Creating your own dataset
Like private companies and labs, artists can curate their own datasets using their own material. Compiling the right data set is crucial for ensuring that AI accurately captures an artist's unique style and voice. The data set acts as the foundation for the AI algorithms, guiding its decision-making process.
Refining an AI data set involves a multi-step process. It starts with collecting high-quality source material, either from the artist's music or works that reflect their desired style. Some artists may merge different data sets to represent eras in their creative evolution or opt to create unique datasets for every new project.
“Lately, I've been taking old drawings from when I was really young,” said photorealistic AI artist Claire Silver in a February Twitter Space. “I've been putting them in AI with prompts to try and recreate what I was seeing back then and trying to draw, but didn't have the skill to share.
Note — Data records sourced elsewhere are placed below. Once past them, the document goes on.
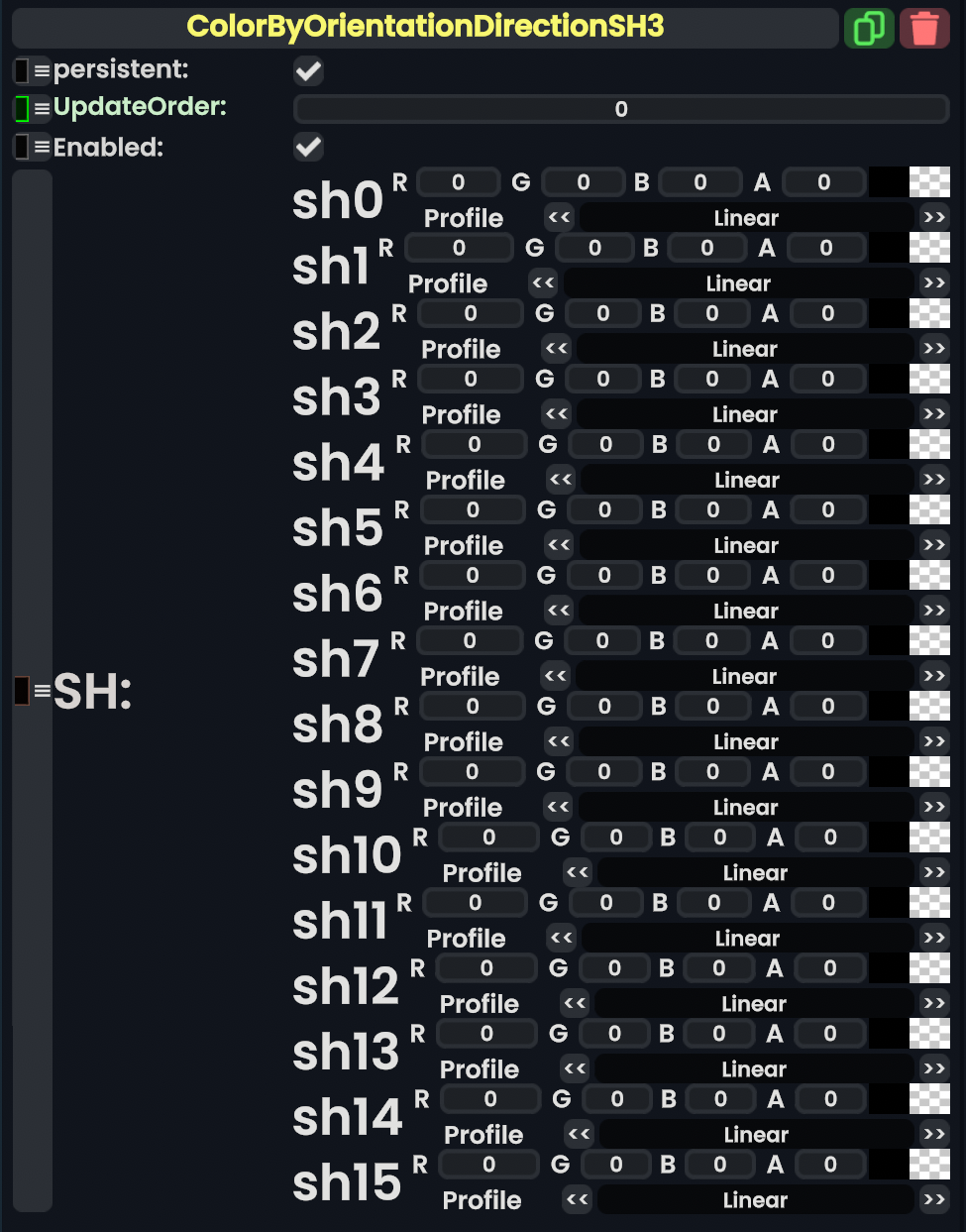 Color By Orientation Direction SH3 组件会根据粒子在其模拟空间(Simulation Space)中的朝向向量(Orientation Vector),来对 ColorX 球谐函数(Spherical Harmonic)进行采样。采样所得的颜色将成为该粒子的颜色。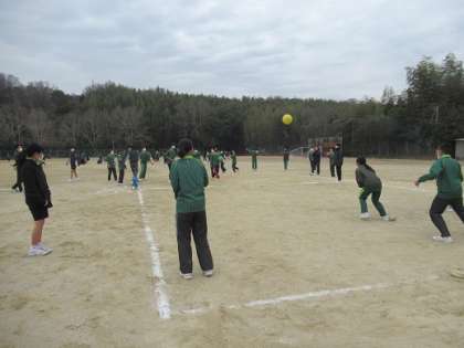 男女関係なく遊びます。 1年生の時から男女分け隔てなく活動できました。 いい光景です。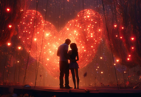 Artistic concept art depicting a silhouette of a couple embracing against a heart-shaped glowing background. The warm light and emotional ambiance create a romantic scene.
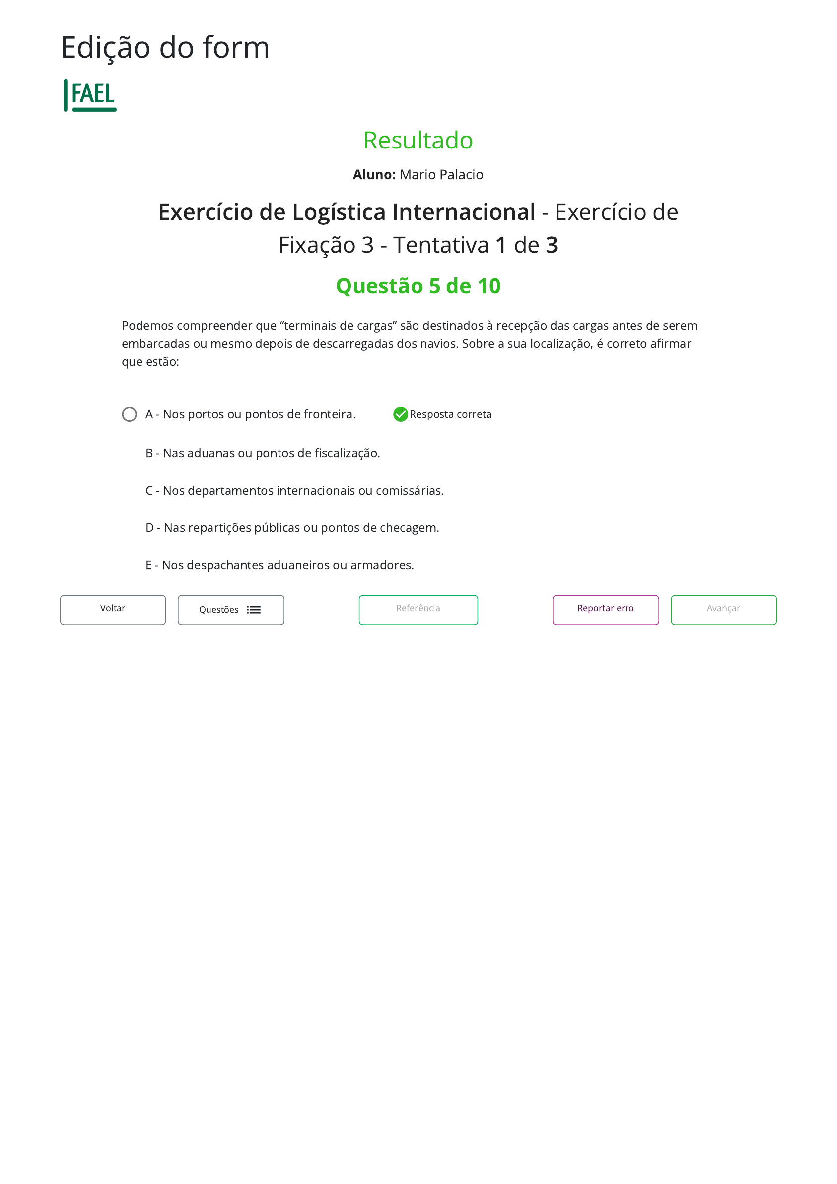 20/05/2022 11:10 Firequiz https://firequiz.fael.edu.br/prova?question_number=5 1/1 Edição do form Resultado Aluno: Mario Palacio Exercício de Logística Internacional - Exercício de Fixação 3 - Tentativa 1 de 3 Questão 5 de 10 Podemos compreender que “terminais de cargas” são destinados à recepção das cargas antes de serem embarcadas ou mesmo depois de descarregadas dos navios. Sobre a sua localização, é correto a�rmar que estão: A - Nos portos ou pontos de fronteira. Resposta correta B - Nas aduanas ou pontos de �scalização. C - Nos departamentos internacionais ou comissárias. D - Nas repartições públicas ou pontos de checagem. E - Nos despachantes aduaneiros ou armadores. Voltar Questões Referência Reportar erro Avançar https://firequiz.fael.edu.br/prova?question_number=4 https://firequiz.fael.edu.br/prova/questoes

And that's been really cool.”
Literary artist Sasha Stiles, who has been collaborating with GPT language models since 2018, says she customizes her datasets with a “compendium of training materials” that started with drafts of her manuscript and all of her “human poetry.” She then added research notes, reference material and inspiring literature.
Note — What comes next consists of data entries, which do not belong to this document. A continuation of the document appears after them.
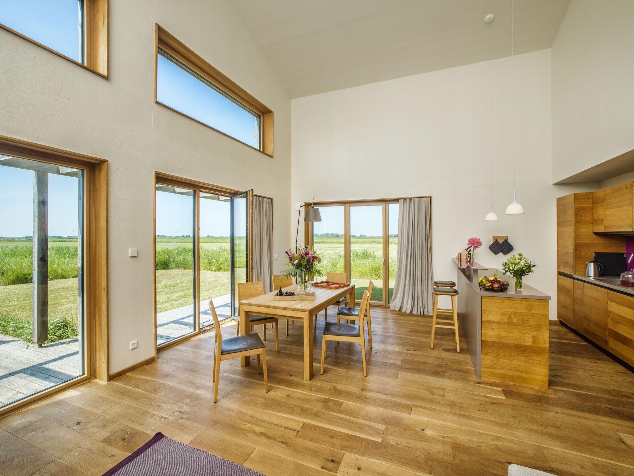 Die drei Schlafzimmer verfügen jeweils über ein Doppelbett (160x200) und einen großen Einbauschrank. Bei Bedarf kann ein Zustellbett (80x200, gegen Gebühr) ergänzt werden. Zwei der Schlafräume sind mit einem 32“-TV ausgestattet. Der majestätische Wohnraum (39 m²) mit einer Firsthöhe von 5,80 m und Galerie im Obergeschoss verfügt über einen Essbereich mit offener Küche und Tresen sowie einer Sofalandschaft mit 40“-TV und SONOS Soundbar. Die Soundanlage kann über Ihr Smartphone mittels SONOS-App gesteuert werden. Ergänzend zum Duschbad im Erdgeschoss verfügt das Obergeschoss über ein großzügiges Vollbad (18 m²) mit freistehender Badewanne, großer Sauna und Balkon. Die Loungemöbel der Galerie laden zum Lesen eines guten Buches ein oder man schaut einfach nur fasziniert durch die großen Panoramafenster in die Weite Pellworms. Alle Küchengeräte wie Induktionsherd, Spülmaschine und Kühlschrank mit 4-Sterne-Gefrierfach sowie Waschmaschine und Trockner stammen aus dem Hause Miele. Dank eines hochmodernen Glasfaseranschlusses ist eine leistungsstarke Internetverbindung (250 MBit) vorhanden (z.B. für Streaming). Das WLAN im Haus kann auf Wunsch deaktiviert werden.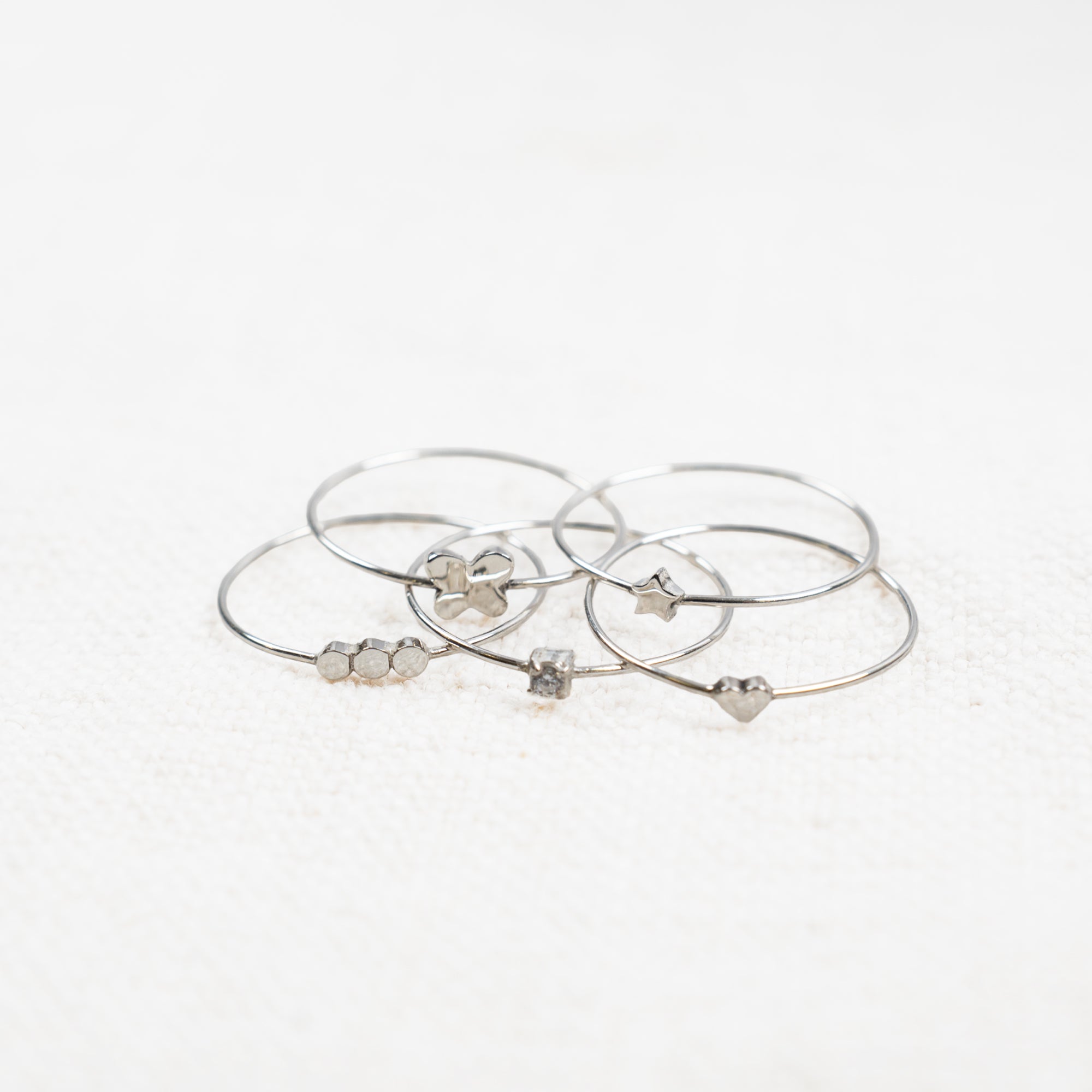 Elevate your style with Tiny Stackable Symbol Rings! Mix and match our playful butterfly, heart, star, ellipsis, and stud rings for a unique look. Express your individuality with these adorable and versatile rings.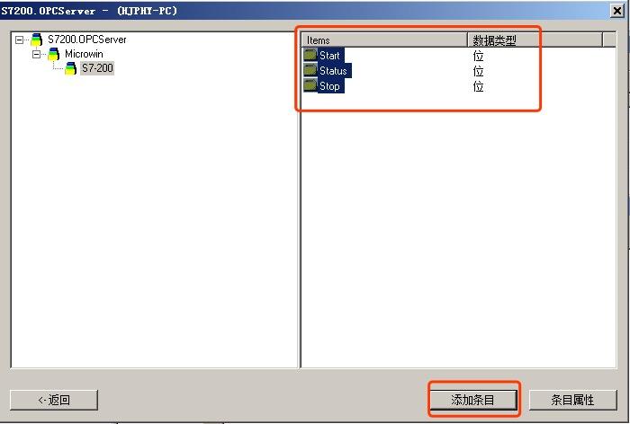 在打开的对话框中,找到我们刚才创建的3个变量,全选以后点击“添加条目”按钮,把我们创建的三个变量导入到WinCC里面,如下图所示: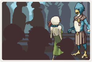 Originally, there were Avian Dungeons that resembled tall towers inhabited by guards. At the top of these towers, there would be two unarmed Avians standing at the edge of the Tower. Speaking to them suggested that they were going to jump off. If the player attacked these Avians, they would thank the player before jumping off the tower. Since NPCs cannot take fall damage, these Avians would not die when hitting the ground. Even earlier in Starbound's development, the Avians appear to be one of the few species to have any alpha lore for them, initially starting with a draft that sounds most similar to their canon lore, and then shifting to rather detailed lore covering the development of their civilization and how they encountered the other species. The largest difference back then was how the Avians worshipped a pantheon of demigods (in fact Avians uplifted by unknown aliens) known as the sunborn, who's leader was named Kluex. |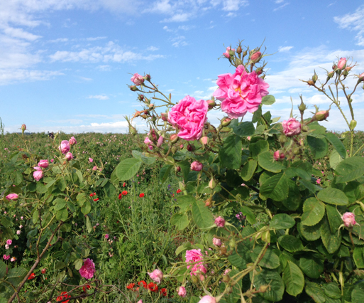 大马士革玫瑰Rosa damascena,蔷薇科蔷薇属(别名:突厥蔷薇的),丛生灌木植物,高约2米,开重瓣花,外形华美、外放绽开,花瓣边缘颜色稍浅,有绸缎般的质感。 保加利亚的玫瑰谷气候条件【阴阳】得宜。全年总雨量不是很高,但在5、6月份,下雨的频率非常高,特别是在每日午后,空气中湿度重。有充足的阳光(花苞特别多),却不是强烈的暴晒型,故所含玫瑰蜡较少,气味敞开、通透,其中牻牛儿醇含量居多)。大马士革玫瑰精油的玫瑰蜡少,低温下呈现漂亮的结晶。 玫瑰精油的化学成分非常复杂,已知成分超过300多种。主要包括香茅醇、苯基乙醇、香叶醇、橙花醇、苯基乙醛、法尼醇(金合欢醇)、玫瑰蜡、微量的壬醇、芳樟醇、壬醛、柠檬醛、香芹酮、乙酸香茅、甲基丁子香酚、丁子香酚。 |

“Tucked in there [were] poems and essays that were germane to the things that I was writing about,” Stiles said. “There are excerpts from T.S. Eliot, there are passages from Whitman and Dickinson and there's actually little bits and pieces from various news articles as well.”
Stiles added that working with an AI language model was like “taking all the things that were swirling in my head when I was working on my manuscript, putting them into a system and using algorithms to synthesize them.”
With every medium, the quality of an artist’s dataset matters in order to produce the best outcome, but for musicians in particular, audio quality is of high importance. “When a producer or artist uses a model, it's essential to understand that the input voice quality is vital,” said Geraldo Ramos, CEO of Moises, an app that lets musicians build a customized library of songs. “If the singer performs poorly, the output will be as bad as the input.”
Letting AI stretch you artistically
Despite the expected $42.6 billion being poured into generative AI investments today, artistic collaborations with AI are still experimental. Curating and refining an AI data set requires an understanding of machine learning, attention to detail, lots of patience and ample curiosity.
While AI offers incredible opportunities for creatives, some continue to voice concerns about its use cases, arguing that AI cannot replace human emotion, nor the connection formed between artists and fans. But if you do want to collaborate with AI in ways that respect your craft while evolving your work, crafting your own data set is a great way to start.